Anyway, I share these things with GM's and invite sandbox advice and hope ideas can be gleaned from eachother.
Quick note on the model, it is a quickie. Two coats of paint, a couple toy cars from the thrift store painted rust red and not attached so I can use them anywhere. My group is forgiving enough that I can probably get away with re-using the same city block as a generic street over again when the need arises. I do plan to epoxy it after getting realistic paint on it, hiding the foam edges by filling them in with paintable glue, and adding pine trees, brush and maybe snow.
Bring on the End of the world, we are ready!
Wednesday, February 1, 2017
Modeling Continues-Kazamir Dungeon Module
Life has left little time of late for this hobby that I love. I have been able to keep running my post apocalyptic Savage Worlds game and have built terrain for that game as well, but my goal of modeling the major campaign areas of my 1st Edition AD&D campaign has not been completely idle, either.

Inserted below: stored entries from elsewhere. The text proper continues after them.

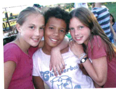
Making friends during Junior Camp
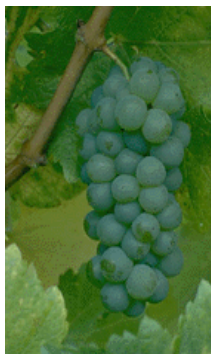
The Concord grape was developed in 1849 in Concord, Massachusetts. This grape is the top choice for grape jelly and Kosher wine.
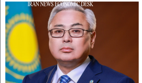
IRAN NEWS ECONOMIC DESK
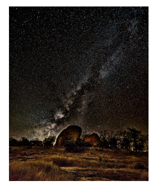
Milky Way - Mason, TX
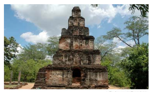
Ruins in Polonnaruwa

Although the kings had moved the royal seat to Polonnaruwa thinking it was more defensible, South Indian invasions continued. Kalinga Māgha led an invasion from the east coast of India in 1214 and ruled over the Polonnaruwa kingdom from 1215 to 1236.
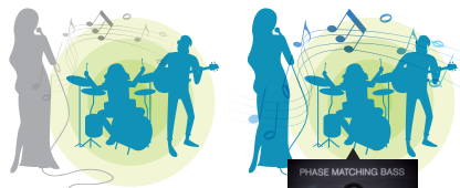
Conventional Bass Boost

Most pre-main amps have a loudness button designed to boost low-mid frequency sound. However, conventional designs are prone to phase-shift, which degrades the clarity of the vocal frequency band. Onkyo's Phase Matching Bass Boost function eliminates phase-shift between low- and mid-range frequency bands above 300 Hz. Bass response is enhanced without compromising vocal clarity, and that's something especially useful when playing music at low volume where bass and high-frequency sounds are more difficult to hear.
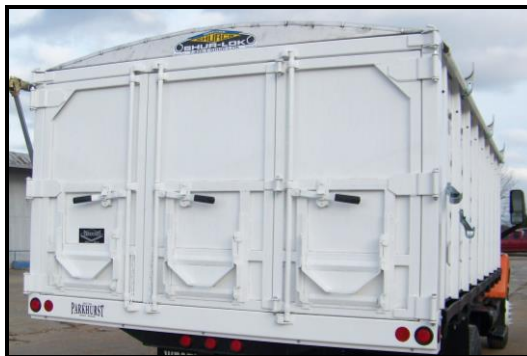
OR862-3MG Triple Cargo Door with 3 meter gates
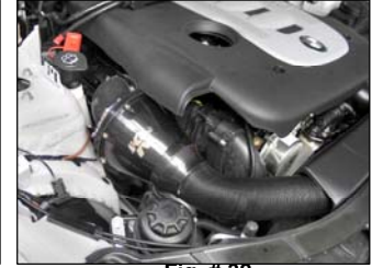
Fig. # 32
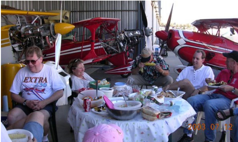
Good chow. Anybody know what happens to corn after you eat it?
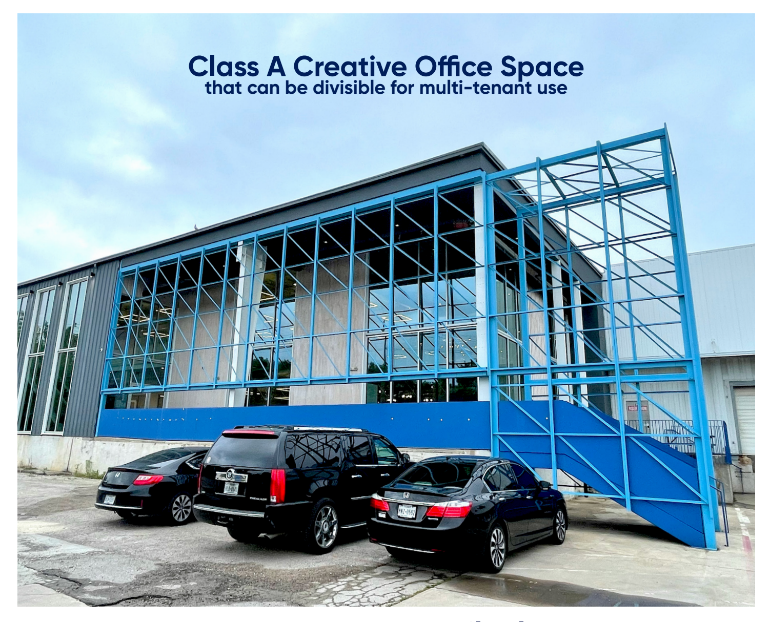
±1,500 - 14,500 SF Available Now
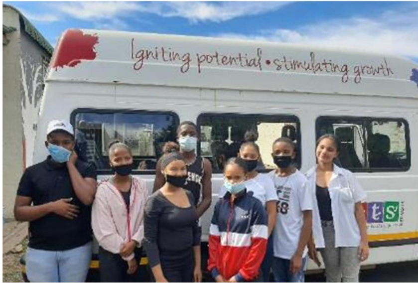
DE RUST FUTURA PERFORMANCE BAND

These are some pics of a terrain module which encompasses the second level of the major dungeon in my Rysanthis setting, Kazamir.
I do look forward to finishing it and using it in a game. I tried to give it a multi level effect and there are both natural caverns and engineered chambers and tunnels left from the days of the Jennerak, though the dungeon has been turned to wholly evil ends long ago...
It takes up an entire table in length but leaves room for players and DM. Very inconvenient to transport. I made a very conscious effort to get as much maze like effect as possible while not making it stuffy for miniatures play, and I like it's raised effect. I have about 15 hours into it, and about five bucks in paint so far. It's halfway done, roughly. I didn't picture everything but it has about twenty chambers and rooms. I am now hunting statuary and adornment for it in thrift store toy bins.
Kazamir dungeon lies beneath a ruined fortress of the same name on a lake island near the shores on which lie an abandoned and crumbling town called Barrow.
Hope it inspires someone to model your game world!